Гюго, выражаясь пушкинскими же словами, перебивал у Пушкина лавочку. В апреле 1828 года Пушкин начинает «Полтаву», а Гюго в мае 1828 года сочиняет стихотворение «Мазепа» (вошедшее в «Восточные стихотворения»); сборник Гюго выходит в январе 1829 года, а первое издание «Полтавы» – двумя месяцами позже, и хотя, по справедливому замечанию исследователя, «подходы к образу Мазепы у Пушкина и Гюго настолько различны, что разница практически исключает диалог между авторами (и текстами)» [Орехов 2003: 98], Гюго в этом случае в первый – но не в последний – раз опередил Пушкина.

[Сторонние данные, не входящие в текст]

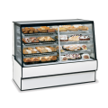 High Volume Vertical Dual Zone Bakery Case Refrigerated Left Non-Refrigerated Right, 59-1/8"W x 35-5/16"D x 42”H, self-contained refrigeration with condensate evaporator, adjustable temperature control, sloped Thermopane tilt-front glass, LED top light &lighted shelves, (2) tiers of adjustable white wire shelves, glass sliding rear doors, white interior, tempered glass ends, choice of laminate with black trim, designed for continuous lineups, 1/3 HP, cULus, UL EPH Classified, Made In USA, DOE 2017 compliant
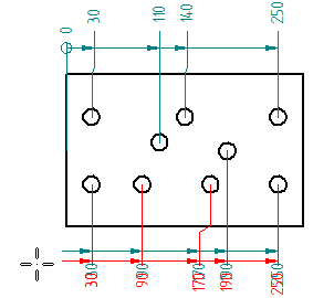引用公共原点并沿同一方向对齐的坐标尺寸具有相同的对齐集的成员关系。一个对齐集的成员可以独立于另一个对齐集调整方向和操控。

В декабре 1830 года выходит «Борис Годунов» – и молва обвиняет Пушкина в подражании «Кромвелю» (на что он сам жалуется Плетневу в письме от 7 января 1831 года), хотя и здесь у Пушкина «алиби», причем абсолютное: «Годунов» написан в 1825 году, а «Кромвель» издан в 1827‐м. Но сходство в самом деле есть – не только жанровое (историческая драма или трагедия45), но отчасти и сюжетное: обе пьесы посвящены монарху-узурпатору и его душевной смуте; у Гюго имеется даже народ, который «молчит» (se tait) при объявлении Кромвеля королем [Hugo 1968: 441; acte V, scène 11]. Для читателей, не посвященных в хронологию пушкинского творчества, автор «Бориса Годунова» представал подражателем, причем подражателем автора уже очень известного.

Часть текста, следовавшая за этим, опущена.